Be aware that some VPN providers are owned/managed by folks with ulterior motives. The governments of China and Saudi Arabia have created several VPN companies that masquerade as independent companies. Be careful out there. If you aren't certain of the motives, then please stay away.
Secure Messaging applications help you ensure that your communication [text, voice and files] remains safe. Texting [via your cell phone or tablet] is UNSAFE. Many personal email systems are easy hacks/suspect. Voice via cell phone carriers and OTT providers [WhatsApp, Viber and Skype] remain simple exploits for an experienced hacker.

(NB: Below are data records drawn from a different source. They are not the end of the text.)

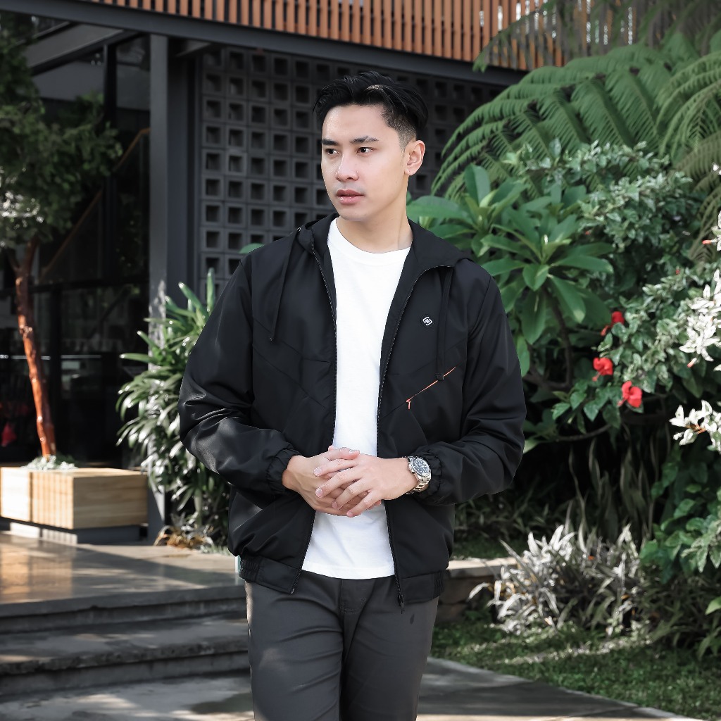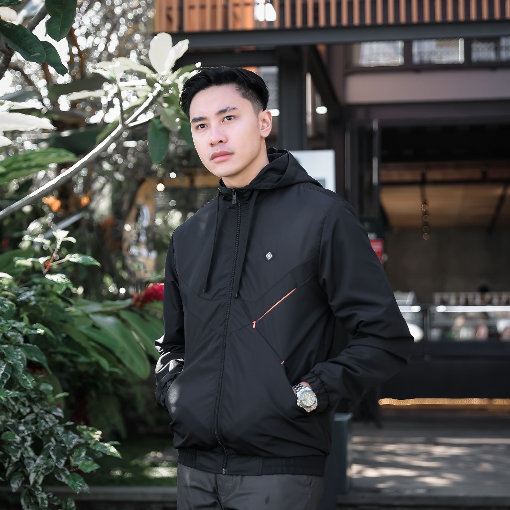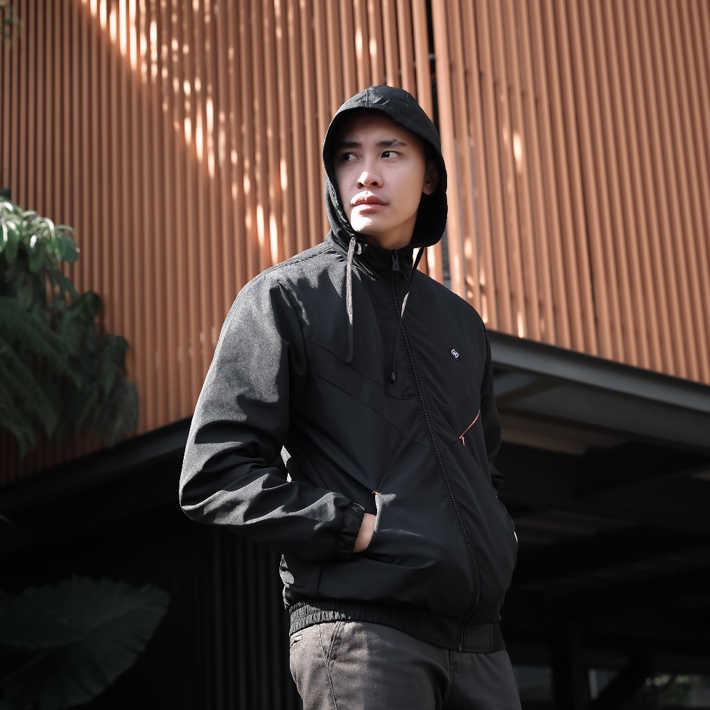 Jaket Pria Bomber Windbreaker Black Lazeo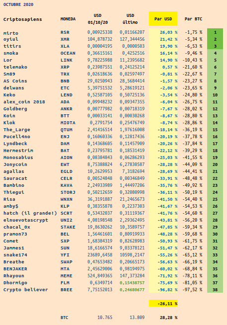 Daaa, esto esta bien chequeado? Otra vez raspando el primer puesto con XMR? La fucking verga amigo!!!!! jaja, encima me intriga saber cuanta cantidad de BTC me hubiese ganado! jaja. veamos con noviembre que pasa, pero vengo peleando el primer puesto desde que arranque.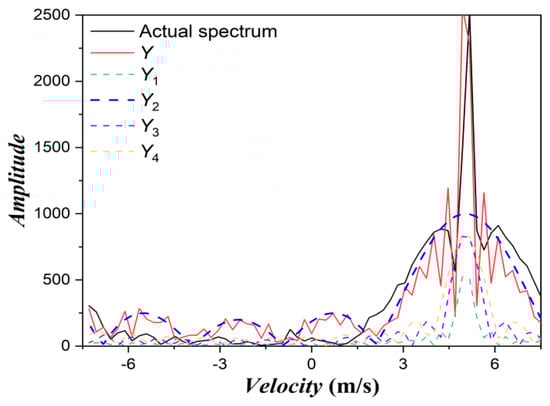The variation in the total rectangular window slow-time series spectrum (Y) in Figure 13 closely resembles that of the actual spectrum in Figure 11b. The broadening phenomenon observed in the ACR Doppler spectrum is precisely caused by the variation in the echo amplitude resulting from its spin. Analysis of the spectra of the slow-time series using four sub-rectangular window functions (Y1, Y2, Y3, and Y4) indicates that the broadening of the spectra is primarily related to the rectangular window A2. The higher amplitude of the rectangular window (A2) and its narrower width accentuate the flat trend of the asinc function in the spectrum.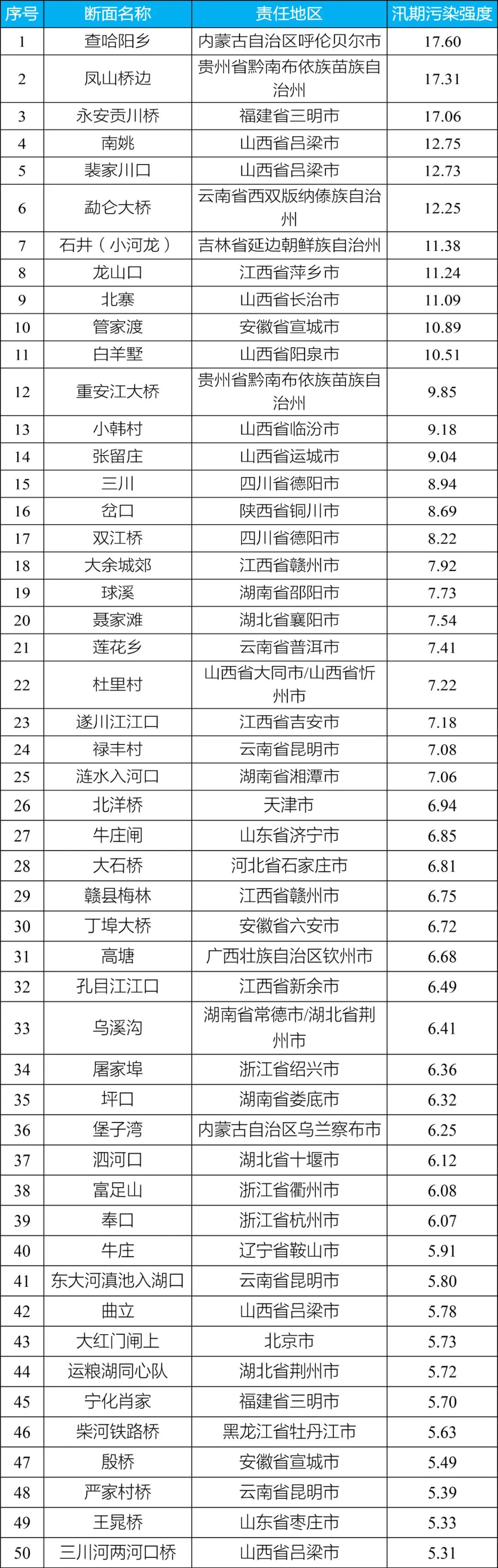 全國汛期污染強度較大的前50名斷面分布在20個省份(見附件3),數(shù)量較多省份為山西(9個)、江西(5個)、云南(5個)。其中,內(nèi)蒙古自治區(qū)呼倫貝爾市查哈陽鄉(xiāng)斷面、貴州省黔南布依族苗族自治州鳳山橋邊斷面、福建省三明市永安貢川橋斷面汛期污染強度位于全國前三名,分別達到考核目標限值的17.6倍、17.3倍、17.1倍。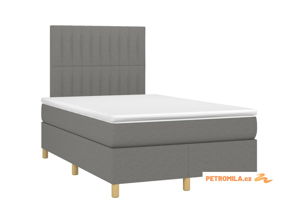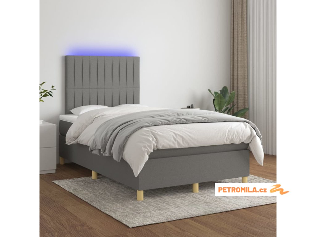 Box spring postel s matrací a LED tmavě šedá 120x200 cm textil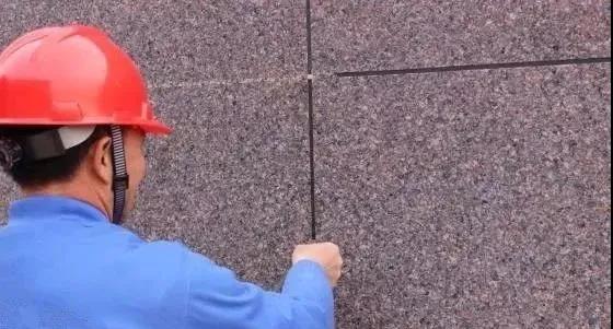 膩子施工完,涂刷抗堿封閉底漆后,可進行分格縫工序。根據(jù)設(shè)計的分格大小,用彈線的方式在墻面上畫分格。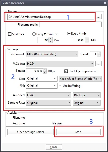 ② Set up audio and video capture;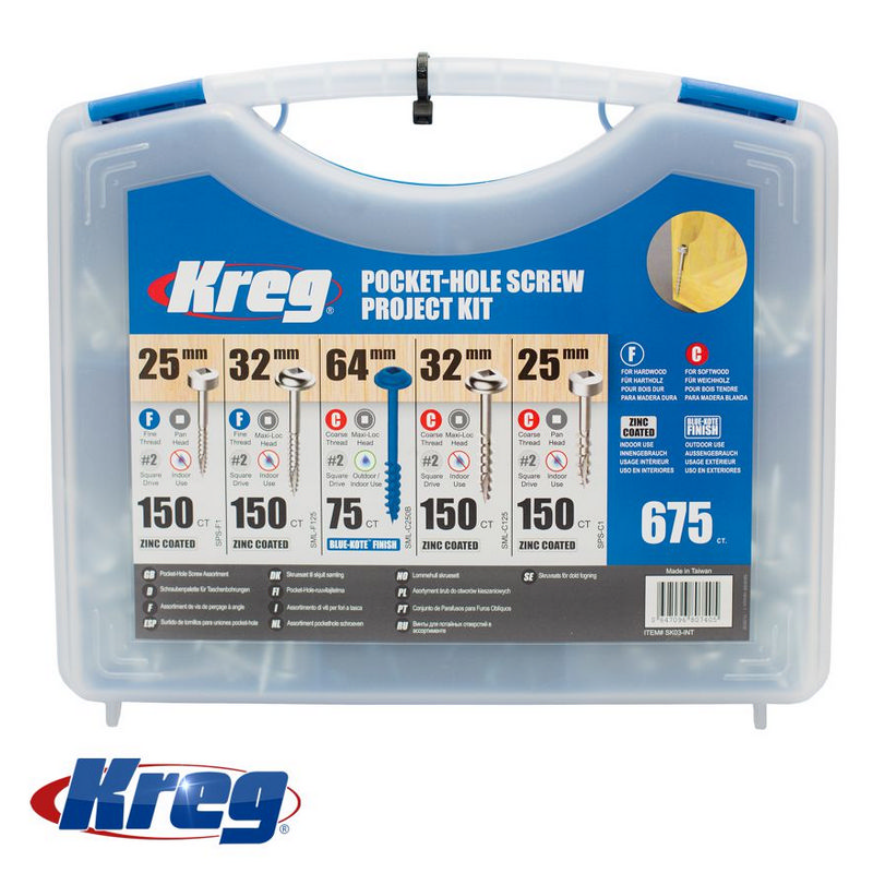 This kit contains five of the most popular self-tapping pocket-hole screws for Kreg Joinery™ in a durable, easy-to-carry case. It makes a great starter kit for anyone new to Kreg Joinery™.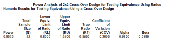 總結:當個體內變異系數為 15% 時,軟件計算所得的樣本需求量為 15 例,而當體內變異系數為 30% 時,軟件計算所得的樣本需求量為 52 例,由此可知:如果一個品種個體內變異越高,滿足生物等效性標準所需的受試者樣本量就越大。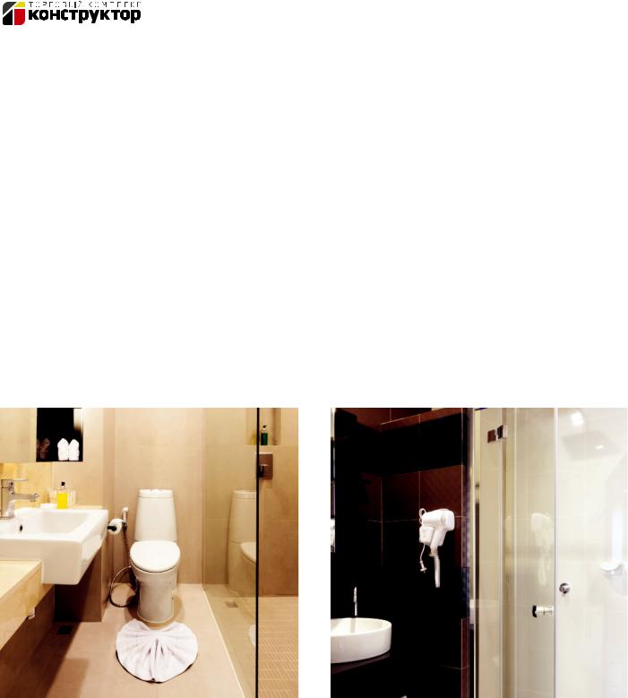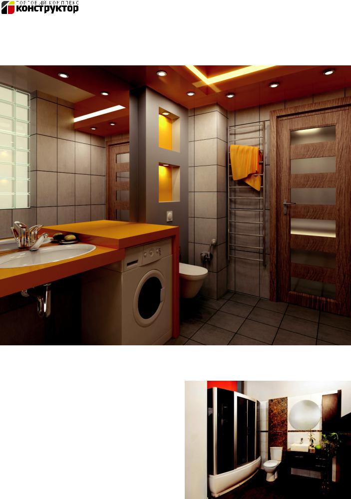 нат. Как правило, тут мы имеем не только боль- шую площадь, но и больше задач. К стандартно- му набору для гостевого санузла — душевая, уни- таз, раковина — добавляется еще ванна и, иногда, биде. Хорошо, когда у вас все прекрасно влезает, и не нужно ничего выдумывать. А если у вас мало места, есть маленькие хитрости. Например, суще- ствуют ванны, совмещенные с душевыми каби- нами. Есть, конечно, и совсем облегченные вари- анты.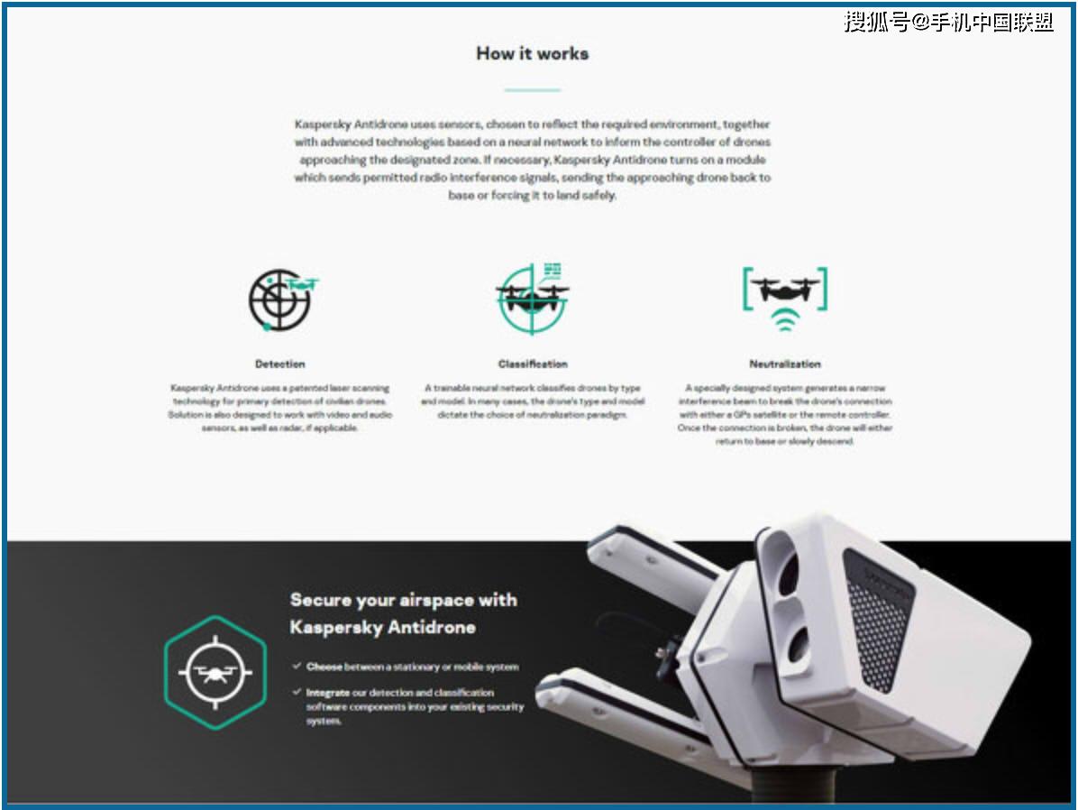 为了应对这种状况,卡巴斯基开发出了“Kaspersky Antidrone”系统。该系统使用雷达和摄像头对领地进行监视,一旦发现飞行物体将通过激光扫描仪对其进行定位,通过摄像头对其进行跟踪。再运用AI技术识别该物体是否为无人机,一旦物体被识别为无人机,系统将对其发送无线电使其迫降。

So better solutions are available, including:
- Silent Circle is a solid solutions and was founded by the folks that created PGP.
- Wickr is equally robust and was founded by a team with serious credibility in the white-hat hacker community.
- TigerText is the lightest of these solutions, but is HIPAA compatible.
- Our least favorite tool is the wildly popular SnapChat. This is NOT a secure or private App. If you want to use an ephemeral messaging tool, check out Kaboom. Ephemeral media [next big thing IMHO] mimics normal human face-to-face communication in that it disappears after a short amount of time. So you can add a funny picture to Facebook, Twitter or other social media site [and/or file via email], and make the picture disappear without a trace after you set period of time.
Other Cool Tools:
- We love AVG's PrivacyFix and Abine's Do-Not-Track-Me tools. These sites warn you of the privacy risks you face on any given site. Ghostery, Adblocker Plus, and Trackerblock are similar but less-loved tools.
- Password Managers: We think everyone should use a password or identity manager. Everyone. [Yes, you!] We like PasswordBox, Keeper, and LastPass. We don't like OnePass or Siber's RoboForm.
- MaskMe is an interesting tool that allows you to mask your phone, address, email and credit card data while using the web. This is still a beta program but it holds much progress if they get it right.
- All browser extensions or browser add-ons that promise to hide your browsing [Do Not Track] are ineffectual IMHO. Why? Because they rely on Apache web servers that disregard the instructions on many popular browsers. See this Wikipedia article for more details. This is especially true for Microsoft's Internet Explorer, Google's Chrome, and Apple's Safari browsers. Caveat Emptor.